Goal: I would like my output to show each distinct subscription_id, the first transaction_id based on the earliest date.

Problem: subscription_ids in my output are not distinct.

Situation: I have several columns in a table but only three are useful:

• subscription_id
• transaction_id
• issue_date

Each subscription_id can have multiple transaction_id. I need to pick the first transation_id for each subscription_id based on the earliest date.

Query: I tried the following two queries thinking they should give me the same results but both are different. In addition, both return duplicate subcription_ids when only DISTINCT subscription_id should come out.

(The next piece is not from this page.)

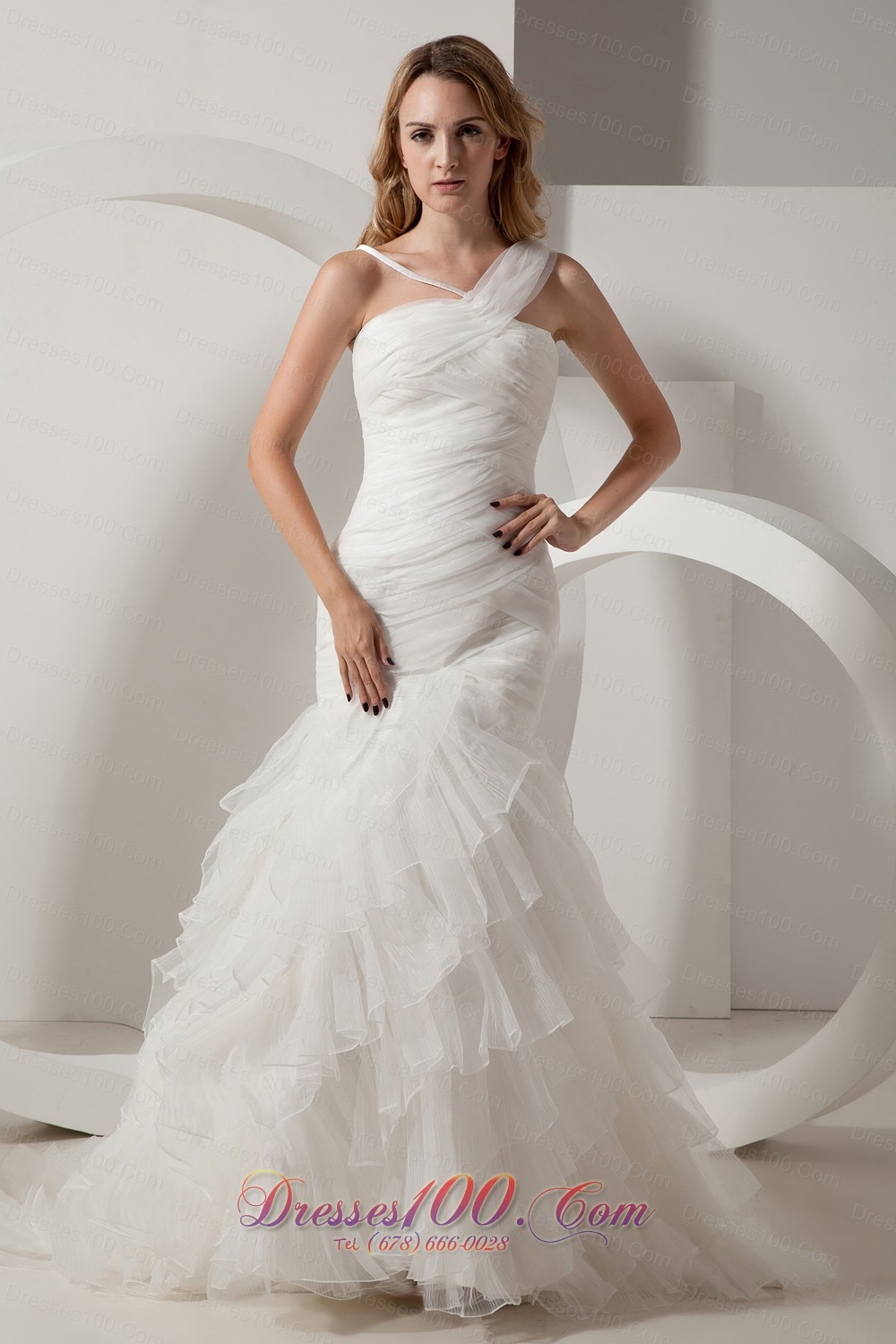When it's time for your wedding, you want the most amazing dress you can find?Cthis pure one can help makes your big day special! This white wedding dress has irregular straps and very refined pleated boice. The floor length skirt is made of layers of gathered tulle, which has an amazing shape and creates a beautiful silhouette. A stunning train extends from the back of the dress and a zipper up closure complete the design.

SELECT DISTINCT t.subscription_id
    ,t.transation_id    
    ,MIN(t.issue_date)  As Min_Id
FROM table AS t
WHERE issue_date >= '2019-01-21'
GROUP BY t.subscription_id, t.transation_id
ORDER BY subscription_id desc


SELECT DISTINCT t.subscription_id
    ,FIRST_VALUE(t.transation_id)
        OVER (PARTITION BY t.subscription_id ORDER BY t.issue_date ASC ROWS BETWEEN UNBOUNDED PRECEDING AND UNBOUNDED FOLLOWING) AS Min_id
    ,issue_date
FROM table AS t
WHERE issue_date >= '2019-01-21'
ORDER BY subscription_id desc

I ran mock up data as such and it worked.

INSERT INTO #test1
VALUES  
('2018-11-01', 'ABC@gmail.com')
,('2018-11-02', 'ABC@gmail.com')
,('2018-11-03', 'ABC@gmail.com')
,('2018-07-01', 'DEF@gmail.com')
,('2018-07-02', 'DEF@gmail.com')


SELECT DISTINCT EMAIL
    ,FIRST_VALUE(login_time)
        OVER(PARTITION BY email ORDER BY LOGIN_TIME ROWS BETWEEN UNBOUNDED PRECEDING AND UNBOUNDED FOLLOWING) AS DATES
FROM #test1

Mock-up Output:
    EMAIL           DATES
    ABC@gmail.com  2018-11-01
    DEF@gmail.com  2018-07-01

What am i doing wrong or whats different?

Answer 1

you can try like below by using subquery

  select * from 
    (SELECT *,
            row_number() OVER(PARTITION BY email ORDER BY LOGIN_TIME) AS rn
    FROM #test1
    ) t where t.rn=1